§ WHAT YOU ARE ASKED TO DO
Restate the whole listing below word for word and keep the images out.

*** COLLECTED MATERIAL ***

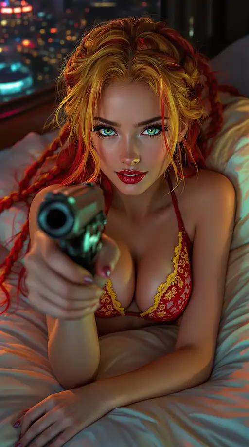 8 months ago A beautiful woman with long, braided, mixed bright red and bright yellow hair and vibrant blue-green eyes that sparkle, lays elegantly on a bed in a pose that is relaxed and inviting. She wears lace, mixed red and yellow underwear and a sheer, red top with yellow intricate designs. Her expression is complex - a mix of serious intensity, flirtiness, charm, and innocence. She holds a handgun in her right hand, aiming directly at the viewer with a hint of parody, while maintaining a soft, confident grin. The city lights outside a nearby window create a vivid backdrop, casting gentle shadows across her features. The overall tone is tense, ominous, romantic, and reminiscent of retro anime, with extreme detail and high quality. ScrawnySmalls 0 40
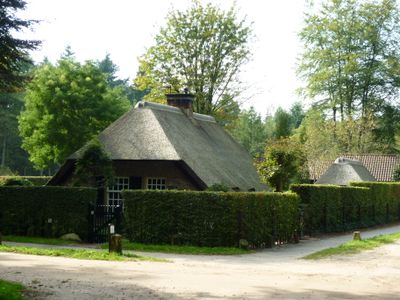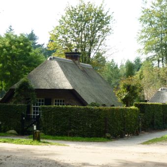 Een schaapskooi van gepotdekselde houten delen met rieten dak, mooi gelegen in het geboomte
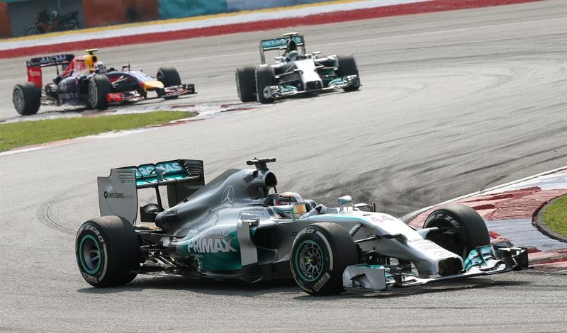 Lewis Hamilton se impuso en el GP de Malasia, seguido por su compañero de equipo Nico Rosberg y Sebastian Vettel.

*** End of COLLECTED MATERIAL ***

§ OUTPUT FOR THIS TASK
 8 months ago A beautiful woman with long, braided, mixed bright red and bright yellow hair and vibrant blue-green eyes that sparkle, lays elegantly on a bed in a pose that is relaxed and inviting. She wears lace, mixed red and yellow underwear and a sheer, red top with yellow intricate designs. Her expression is complex - a mix of serious intensity, flirtiness, charm, and innocence. She holds a handgun in her right hand, aiming directly at the viewer with a hint of parody, while maintaining a soft, confident grin. The city lights outside a nearby window create a vivid backdrop, casting gentle shadows across her features. The overall tone is tense, ominous, romantic, and reminiscent of retro anime, with extreme detail and high quality. ScrawnySmalls 0 40
 Een schaapskooi van gepotdekselde houten delen met rieten dak, mooi gelegen in het geboomte
 Lewis Hamilton se impuso en el GP de Malasia, seguido por su compañero de equipo Nico Rosberg y Sebastian Vettel.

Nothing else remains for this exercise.